The friction coefficient emphasises the effect of the surface on a property of the boundary layer, i.e., greater surface friction slows the near-surface wind more. Aerodynamic resistance emphasises the effect of the boundary layer on surface-atmosphere exchange, i.e., greater mixing yields a lower resistance to evaporation. Note that it's evaporation not advection that's being resisted. You could turn the confusion around and argue that friction coefficient is a counter intuitive term: if there's more friction, why does evaporation increase? This would be making the same category error.

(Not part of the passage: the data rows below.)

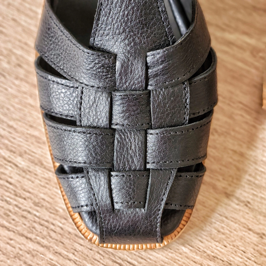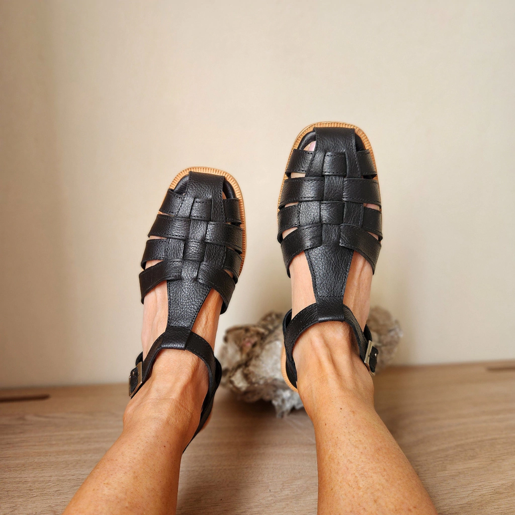 Catu es un sandalia hecha en cuero graneado color negro. Se accede mediante una hebilla. Es estilo guillermina, cubre el pie con su entretejido divino. Super tendencia pero a la vez un clásico atemporal. Está forrado en badana natural color negro. Vira de cuero. Suela de cuero. Taco pastel 1.5cm. Es genial para los días de calor en los que no querés el pie muy descubierto. Llevala tu talle habitual y caminala por todos lados esta primavera verano.
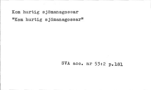 //// Kom. hurtig sjömansgossar "Kom hurtig sjömansgossar" //// SVA acc. nr 53s2 p.181 ////
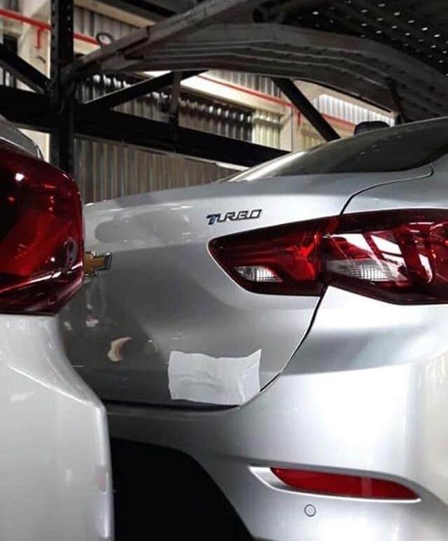 La primera imagen oficial muestra el emblema sobre tapa del baúl del sedán Onix Plus. La foto original (arriba) está un poco oscura, pero con un leve clareado a base de Photoshop fue posible revelar lo que dice: “Turbo”.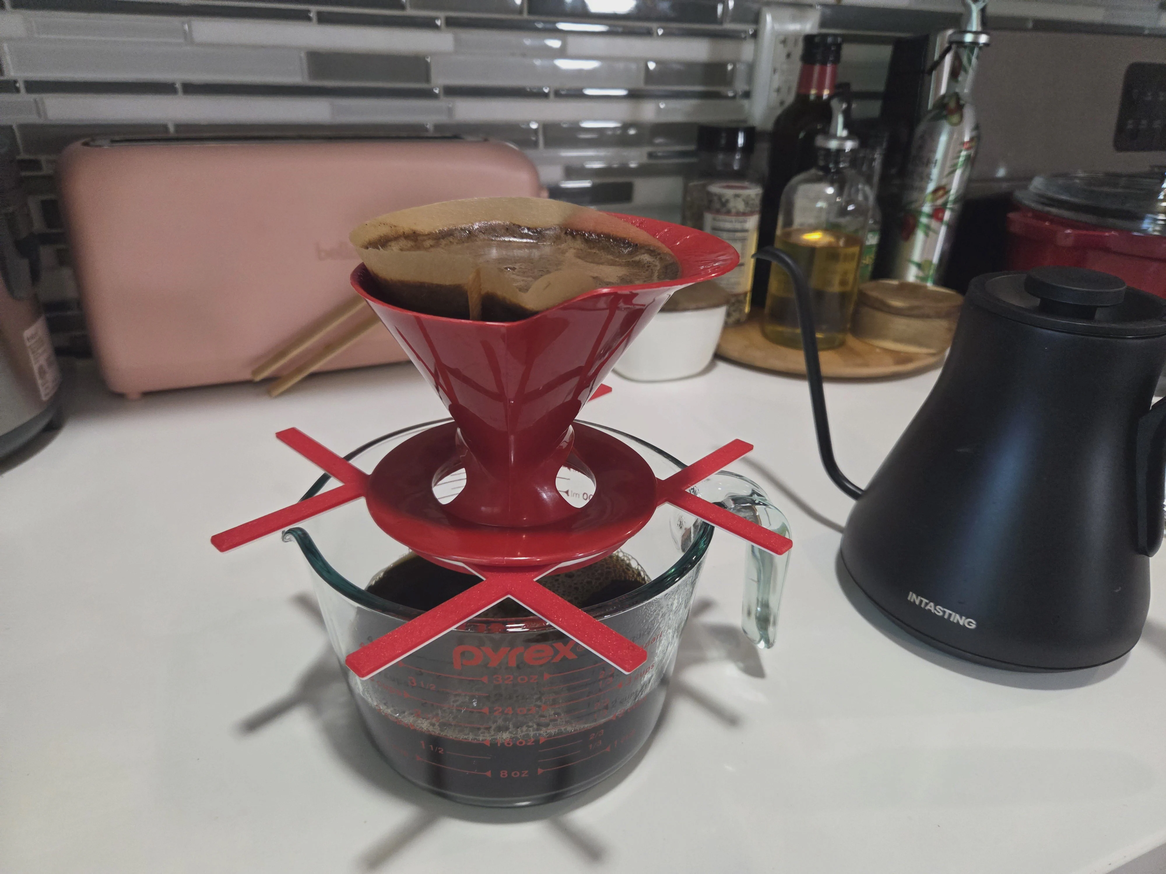 I use this print every single day. I switched to pourover when my favorite actually-good k-cup was discontinued and haven’t looked back since. But usually I make more than one cup or make it for other people, so I want it to drip right into a larger container. This “tic-tac-toe” shaped grid and ring print let me pourover securely on basically any container, like the wide pyrex in the second picture. Printed multicolor in bright red/white to match our kitchen theme.
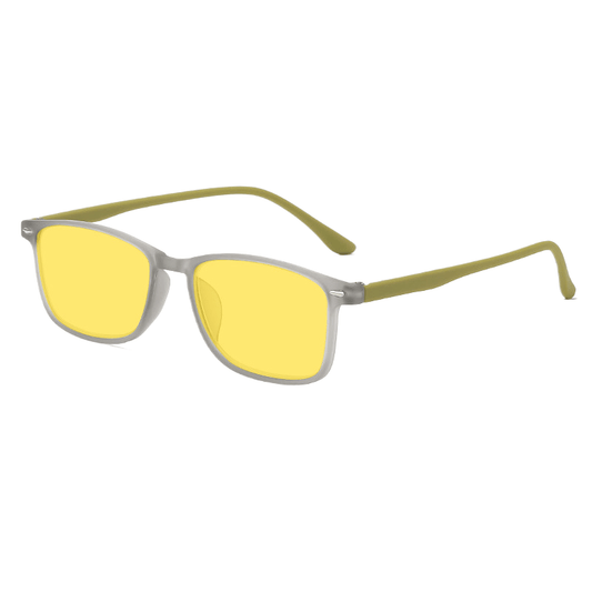 MCROONS sunglasses feature a contemporary rectangular design with a translucent dark gray frame, enhanced by striking neon yellow accents on the temples. The clear lenses provide excellent visibility and protection. Perfect for those who appreciate a modern style with a sporty edge, they combine practicality with eye-catching aesthetics. Their comfortable fit makes them suitable for everyday wear and active pursuits, offering both functionality and flair.

Historically (IIRC) the electrical circuit metaphor was introduced by Penman and Schofield (1951) in an early modification of the Penman evapotranspiration equation to account for how vegetation limits the transpiration rate. The original Penman equation is often quoted using aerodynamic conductance (or friction velocity or friction coefficient), i.e., a quantity using the the $m s^{-1}$ units that you're used to. This is a natural choice for micrometeorologists trying to understand the bulk mass transfer properties of the turbulent boundary layer because it can be calculated from the boundary layer quantities that they measure.

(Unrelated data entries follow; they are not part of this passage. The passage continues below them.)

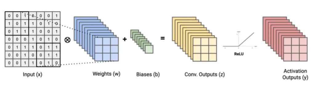 Figure 3. Tensors used in a 3x3 Conv., Bias Add, and ReLU activation function sequence of graph operators. Image by Author.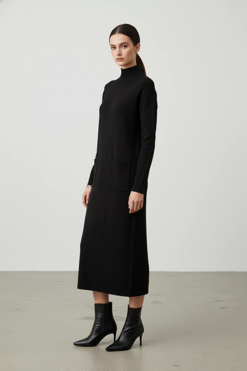 Questo abito midi con collo alto è un must-have per il tuo guardaroba autunnale. Realizzato in morbida viscosa, offre comfort e stile in ogni occasione.
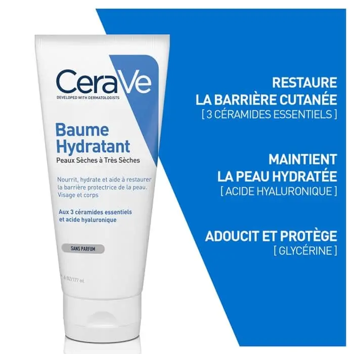 Le Baume Hydratant de CeraVe est un soin qui hydrate les peaux sèches à très sèches. Ce baume hydratant et réparateur s’applique sur le visage et le corps pour une peau douce et hydratée. Sa texture est non grasse et ne colle pas à la peau pour un habillage rapide. Enrichi aux  3 céramides essentiels et à l’ acide hyaluronique, il nourrit et hydrate en continu pendant 48 heures*. Il restaure la barrière cutanée grâce à la technologie MVE, qui encapsule les actifs et les diffuse tout au long de la journée. En effet, une barrière cutanée altérée peut être à l’origine d’affections…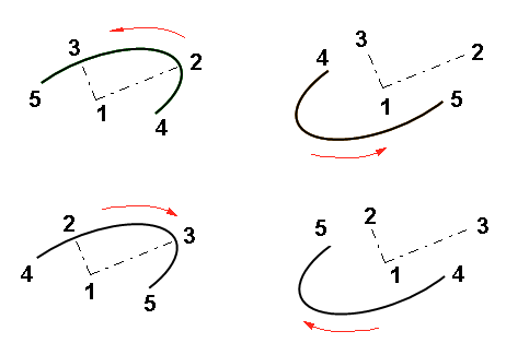 - Ellipsi piirtyy vastapäivään aloitus- ja lopetuspisteen väliin silloin, kun osoitat kehäpisteet vastapäivään.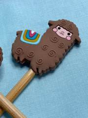 These soft, slightly squishy knitting needle point protectors are so fun to use! Made of soft PVC, they keep your stitches secure and defended against the chaos of the universe. Simply stick your knitting needle points into the hole in the point protector and your stitches will stay secure!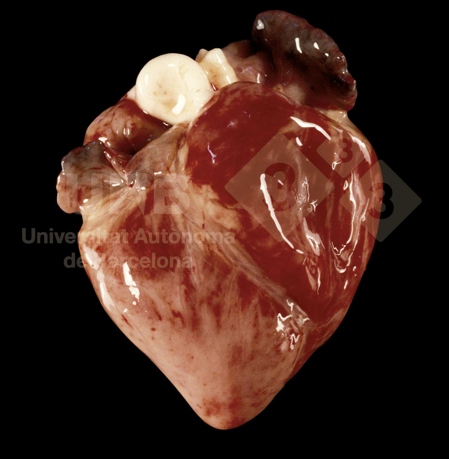 La pathologie du cœur mûriforme est causée par une carence en vitamine E et en sélénium. Cette carence endommage les vaisseaux sanguins du cœur. L'apparence macroscopique est une hémorragie. Le diagnostic différentiel comprend toute maladie provoquant une hémorragie (PPC, PPA ...), cependant, la lésion macroscopique est très évocatrice du cœur mûriforme et peu des autres maladies.

Once you start introducing other surface effects on evaporation it's not really appropriate to extend the analogy of a turbulent fluid friction velocity down from the boundary layer to vegetation stomata, roots and the soil. So we use the electrical metaphor instead, in which case it becomes slightly simpler to describe the system using resistances rather than conductances. In the first instance it was just a case of calculating the total system resistance by adding a stomatal resistance to the aerodynamic resistance:

$E = \frac{\rho}{r_s+r_a}\left(q_{sat} - q_a\right) = \frac{\rho}{r_t}\left(q_{sat} - q_a\right)$

You can express this as conductances, but it's not as neat:

$E = \frac{g_a g_s \rho}{g_a+g_s}\left(q_{sat} - q_a\right)$

You can see in the later slides of the presentation you linked to that these resistance networks have got progressively more complex, so nowadays this neatness point might be moot.


Penman and Schofield (1951) Some physical aspects of assimilation and transpiration, Symp. Soc. Exper. Biol., 5, 115-129.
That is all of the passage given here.